Task
Reproduce only what runs from the line containing "The product is" to the line containing "财务共享服务中心致力于打造一" in the records below, inclusive. Keep it exact, and keep the pictures out.

Material provided

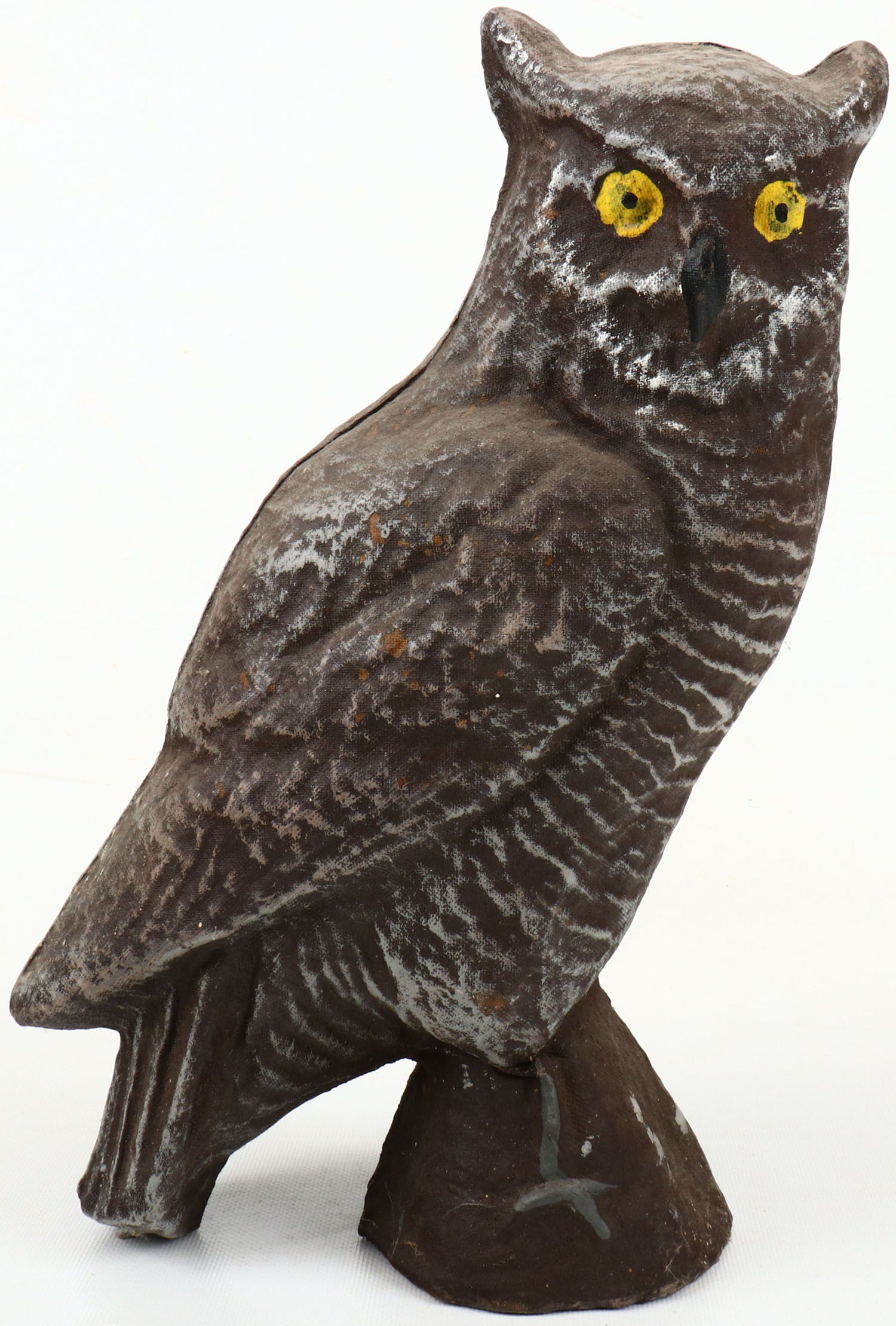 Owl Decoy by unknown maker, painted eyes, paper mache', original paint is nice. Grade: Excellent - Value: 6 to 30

--

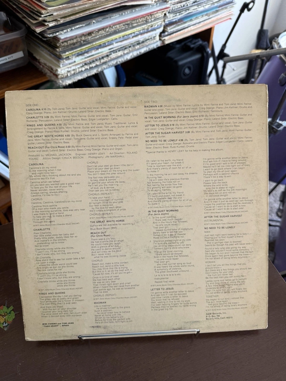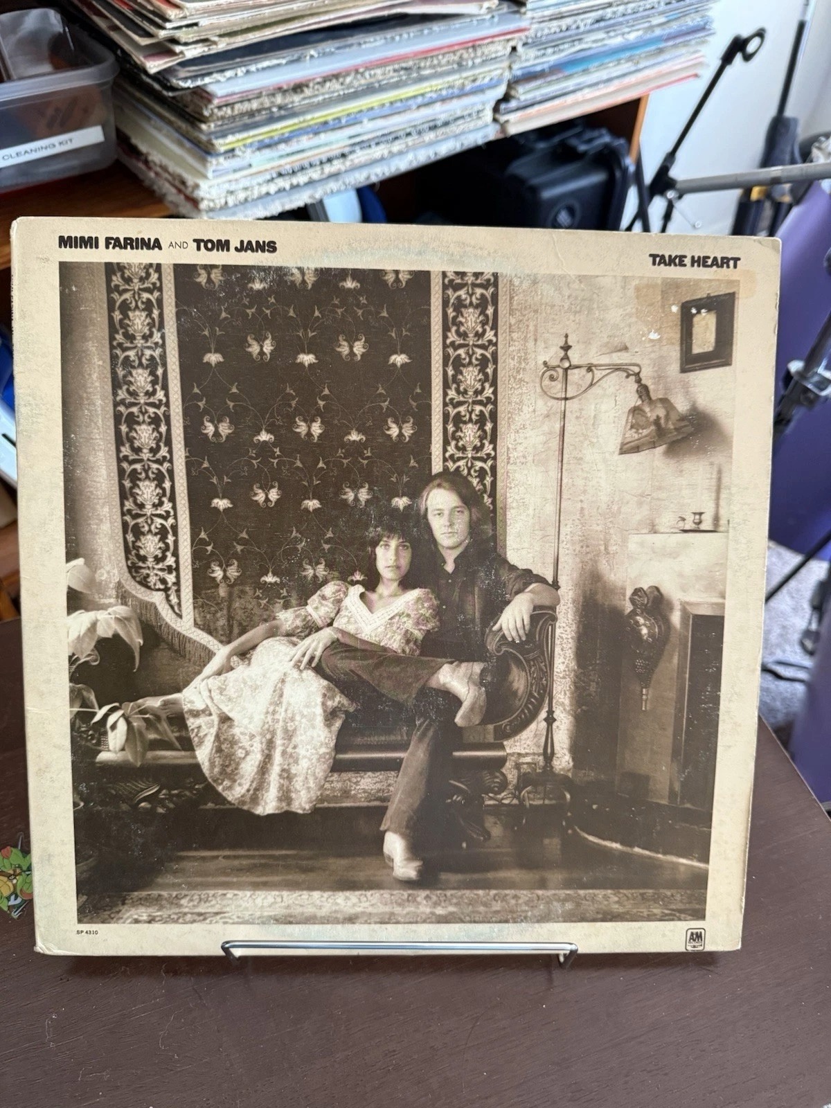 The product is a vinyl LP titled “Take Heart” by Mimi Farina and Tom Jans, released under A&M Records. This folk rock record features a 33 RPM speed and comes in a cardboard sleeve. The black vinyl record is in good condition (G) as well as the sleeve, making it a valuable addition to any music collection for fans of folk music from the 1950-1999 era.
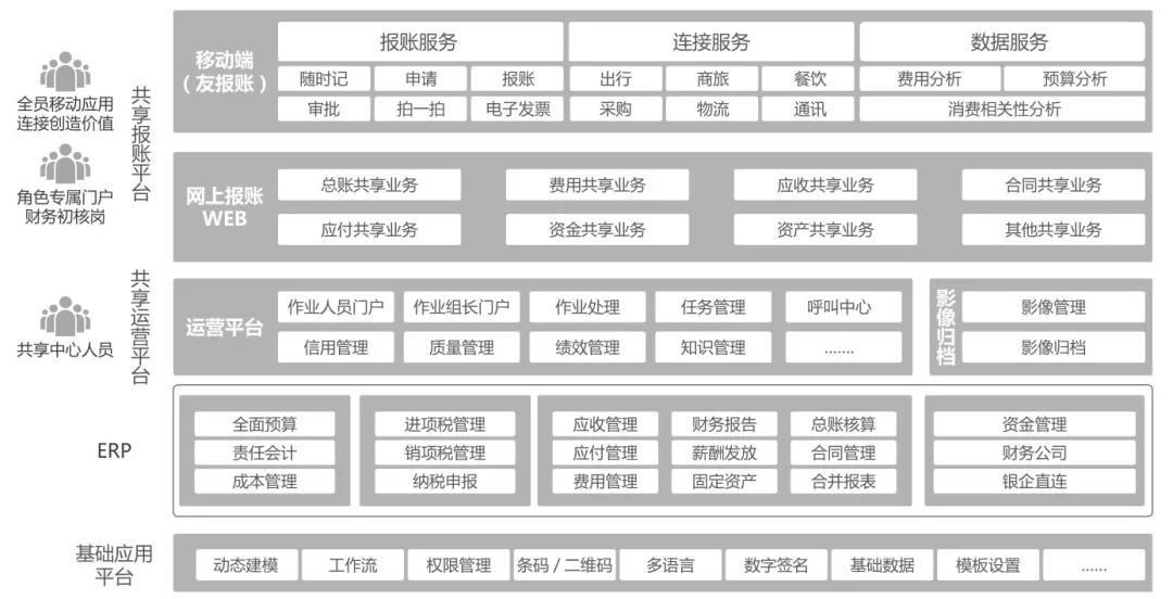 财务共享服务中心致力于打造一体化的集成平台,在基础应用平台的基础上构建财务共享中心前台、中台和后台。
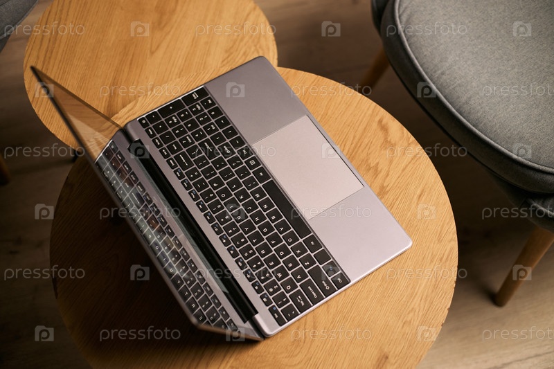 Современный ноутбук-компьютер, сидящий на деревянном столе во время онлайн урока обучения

Finished task
 The product is a vinyl LP titled “Take Heart” by Mimi Farina and Tom Jans, released under A&M Records. This folk rock record features a 33 RPM speed and comes in a cardboard sleeve. The black vinyl record is in good condition (G) as well as the sleeve, making it a valuable addition to any music collection for fans of folk music from the 1950-1999 era.
 财务共享服务中心致力于打造一体化的集成平台,在基础应用平台的基础上构建财务共享中心前台、中台和后台。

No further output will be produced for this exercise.